WORK INSTRUCTION: From the line that has "歡迎儀(yi) 式後,國家主席習(xi) 近平在貝爾格萊德塞爾維亞(ya)" down to the last line of the data below, set down every line exactly, but none of the pictures.

┌─ PROVIDED RECORDS

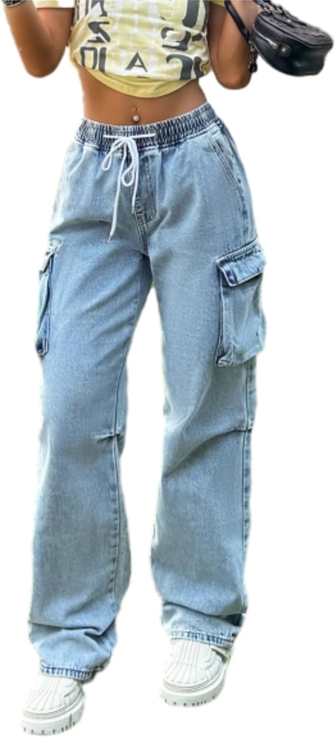 Cargo Jeans Women Elastic Waist Stretch Wide Leg Denim Pants Pockets Baggy y2k Streetwear Pants
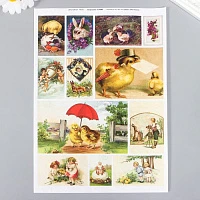 Декупажная карта "Зайки, цыпы, дети" формат А4, плотность 45г/м2
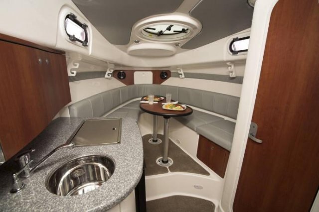 • Galley w/stainless steel sink, 12 volt refrigerator & butane stove
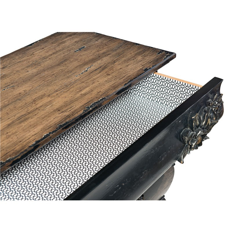 With the look of a cherished heirloom that is been passed down for generations, the Charmant Bachelorette Chest exudes an enchanting feeling that will add magic to your home. The random floral design that graces the front is carved for a dimensional feel. The Porte Noir finish is a black paint with rich brown undertones, rubbed to a medium sheen with areas of heavy rub through and distressing to reveal a honey tone wood color. Three drawers. The top drawer is lined in black and white designer wallpaper. Functional as well as pretty, the piece includes a power supply, and a light underneath with 3-intensity touch switch.
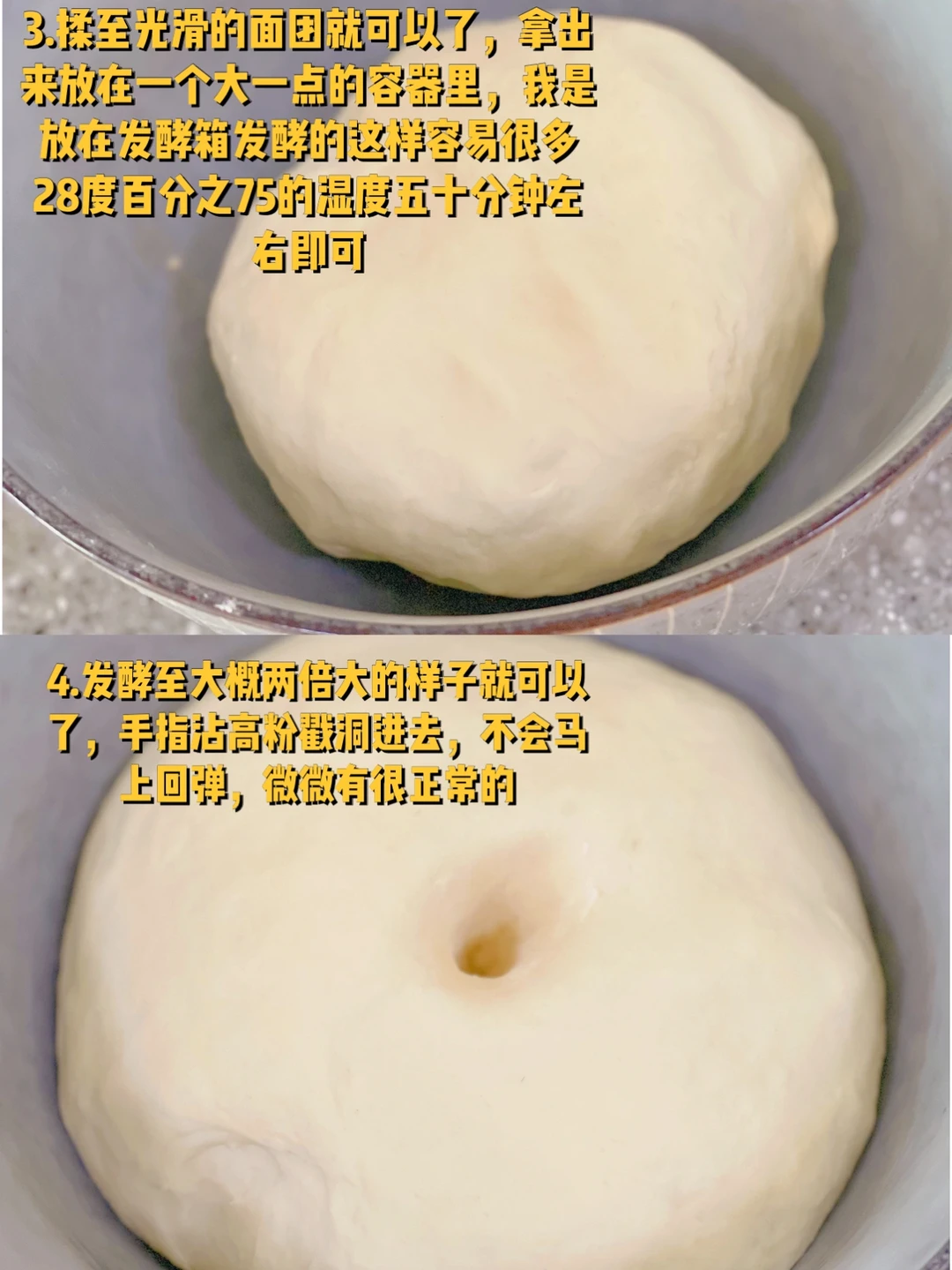4.发酵至大概两倍大的样子就可以了,手指沾高粉戳洞进去,不会马上回弹,微微有很正常的
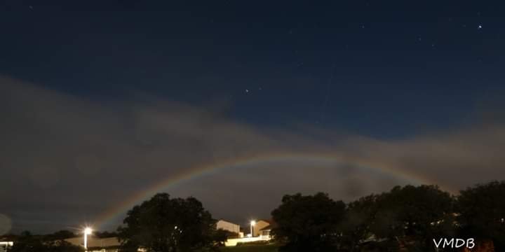 Arcoiris a la luz de la luna, hace un rato. Las tres estrellas casi juntas del centro de la foto son parte de la constelación del águila. la estrella brillante de la esquina derecha, es Vega de la constelación de la lira.
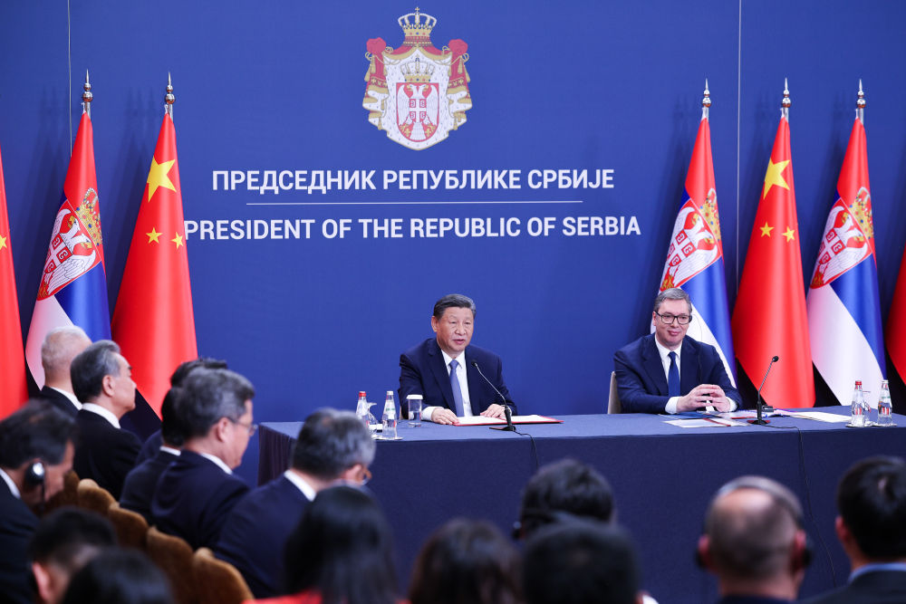歡迎儀(yi) 式後,國家主席習(xi) 近平在貝爾格萊德塞爾維亞(ya) 大廈同塞爾維亞(ya) 總統武契奇舉(ju) 行會(hui) 談。
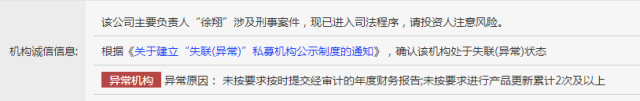 在中国基金业协会的官网上,泽熙投资被列入异常机构名单的理由是:“未按要求按时提交经审计的年度财务报告;未按要求进行产品更新累计2次及以上”,同时协会官网信息也提示,“该公司主要负责人‘徐翔’涉及刑事案件,现已进入司法程序,请投资人注意风险。”
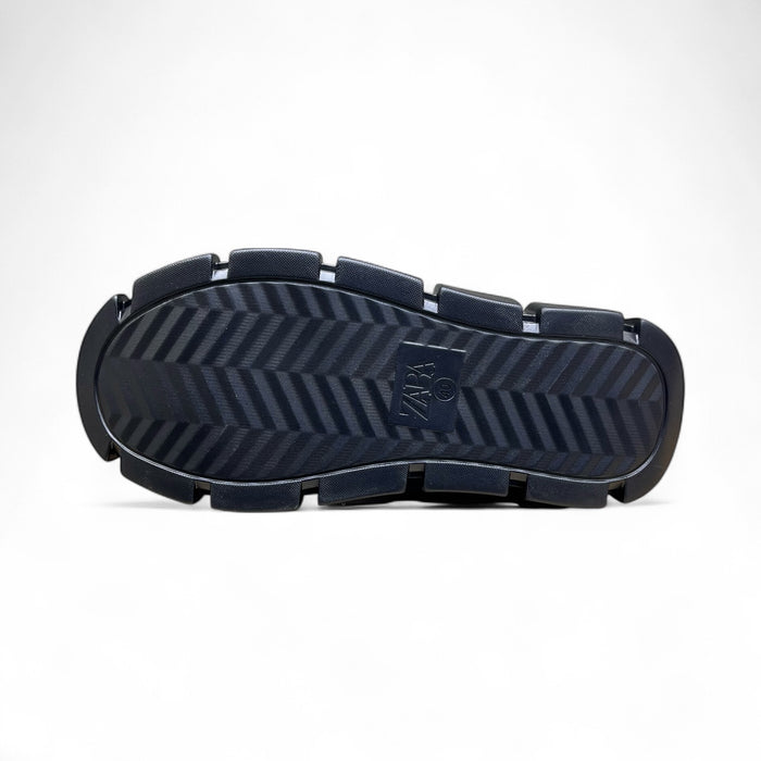 Trendy white chunky sneaker with a textured synthetic leather upper and perforated side detailing. Designed with thick rope-style laces and a bold block-pattern outsole for a statement streetwear look. Features padded ankle support and elevated platform sole for comfort and modern urban style.

└─

ANSWER SECTION:
歡迎儀(yi) 式後,國家主席習(xi) 近平在貝爾格萊德塞爾維亞(ya) 大廈同塞爾維亞(ya) 總統武契奇舉(ju) 行會(hui) 談。
 在中国基金业协会的官网上,泽熙投资被列入异常机构名单的理由是:“未按要求按时提交经审计的年度财务报告;未按要求进行产品更新累计2次及以上”,同时协会官网信息也提示,“该公司主要负责人‘徐翔’涉及刑事案件,现已进入司法程序,请投资人注意风险。”
 Trendy white chunky sneaker with a textured synthetic leather upper and perforated side detailing. Designed with thick rope-style laces and a bold block-pattern outsole for a statement streetwear look. Features padded ankle support and elevated platform sole for comfort and modern urban style.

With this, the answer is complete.